Several different algorithms have been developed for use as online tools to rank the predicted effectiveness of gRNAs. A number of these algorithms were developed based on the assessment of many thousands of gRNAs targeting genes in human or mouse genomes. The online tools generally give a potency score for the candidate gRNA and an option for it to be rejected if it has the potential to direct cleavage in the genome outside of the target. In mammalian systems, the prediction of off-targeting is very important. However, in plants, this is possibly less crucial than the prediction of gRNA sequences that direct efficient Cas9 cleavage of target genes because, in non-vegetatively propagated crops, off-target edits can be easily removed by backcrossing and selection. There are few plant-specific gRNA design tools but the algorithms they employ are based on results from tests in animals. Therefore, we assessed the potency of a range of gRNAs, directing Cas9 against a number of genes in a range of plant species.
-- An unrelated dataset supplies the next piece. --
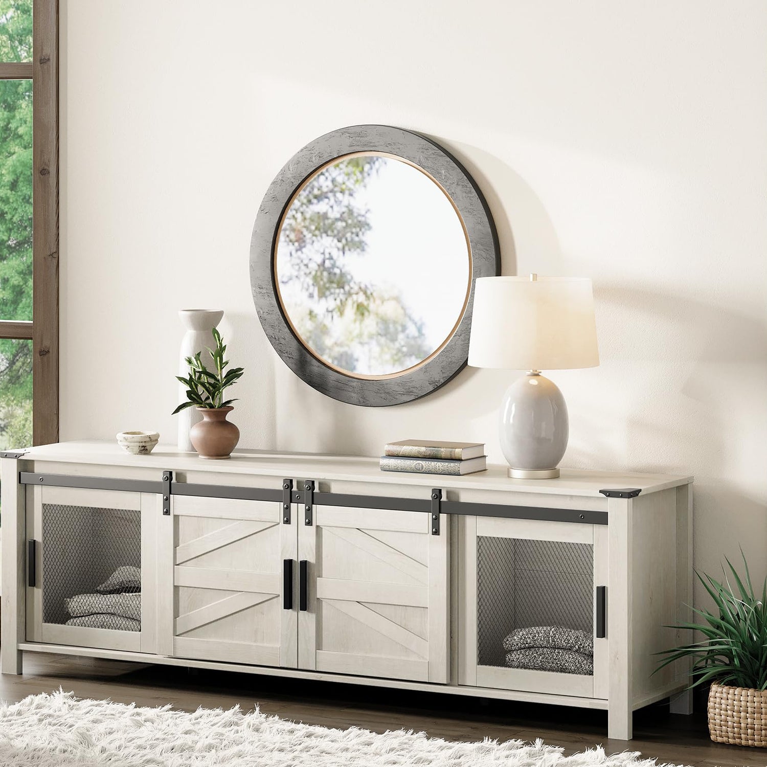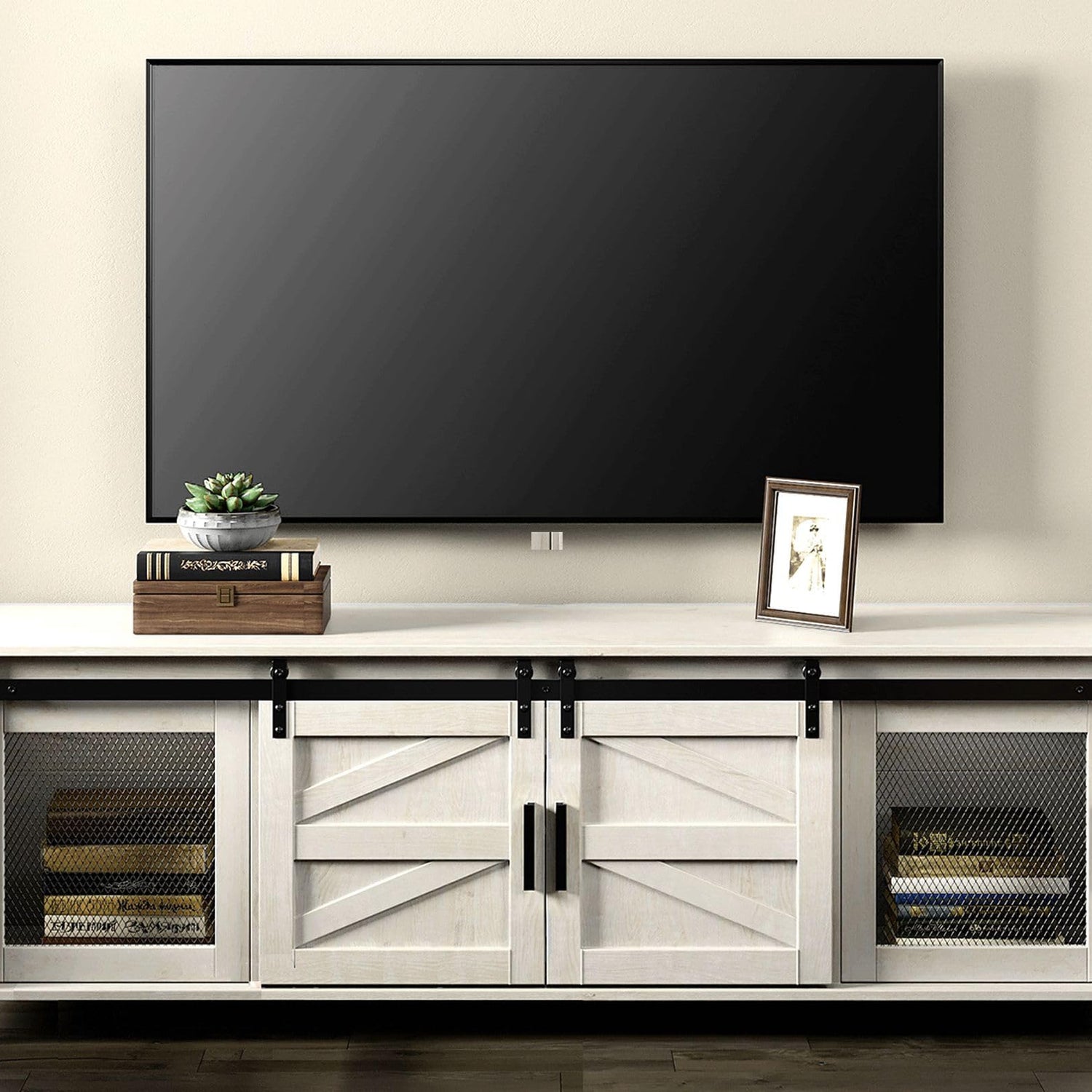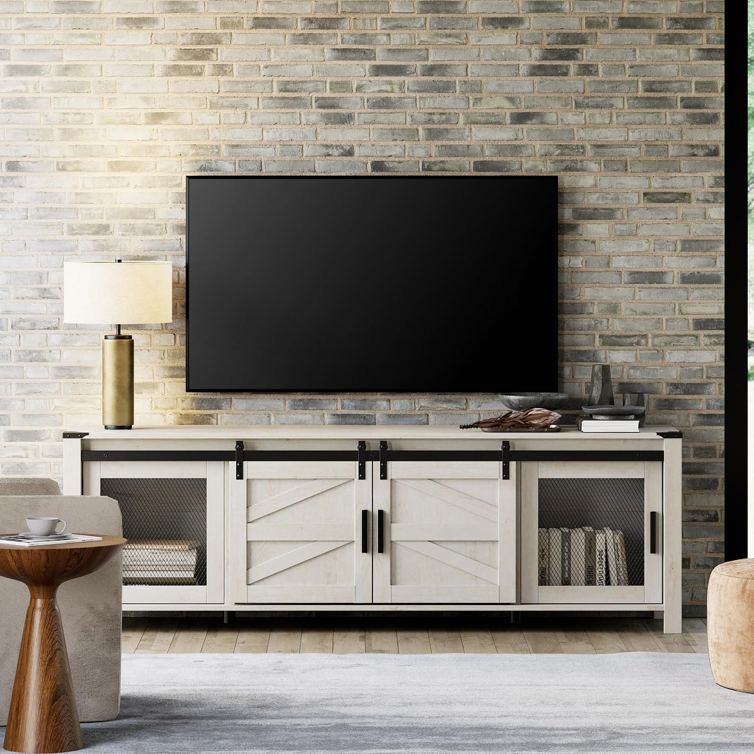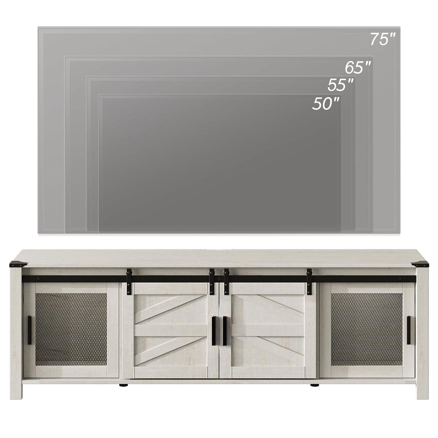 WAMPAT Farmhouse TV Stand for ups to 75 inch TV, 70" Wood Sliding Barn Door Media TV Console Table with Storage shelf, Entertainment Center for Living Room Bedroom,Antique White

We then compared the results of these experiments with the predictions from eight different online tools and found that there was no significant correlation between the predicted and observed efficiencies of the gRNA to direct editing.
Materials and methods
Construction of CRISPR/Cas9 constructs
The 2X35S-Cas9-NOSt cassette, containing human codon optimised Cas9 (hCas9), was excised from pICH47742::2x35S-5’UTR-hCas9(STOP)-NOSt [4] using restriction enzymes, ApaI and PmeI (New England Biolabs, NEB), and ligated into pORE03 [5] to generate pCas9. The sequence of A.thaliana small nuclear RNA (snRNA) Pol III promoter with sites for BsaI cloning was ordered as a gene block from IDT (https://www.idtdna.com) and ligated into the unique MluI site of pCas9 to generate pCas9-U3. The second construct, pCas9B contained the 2X CaMV 35S promoter directing expression of a hCas9 with N- and C-terminal nuclear localisation signals (NLS) and a NOSt. hCas9 was used because, in our experience, human codon optimised reporter genes (such as eGFP) work very effectively in a range of plant species and avoids testing monocot-optimised Cas9 in dicots and vice-versa. The cassette was assembled in pCAMBIA1300 (CAMBIA, Canberra, Australia) using a Gibson cloning strategy (NEB) according to the manufacturer’s specifications.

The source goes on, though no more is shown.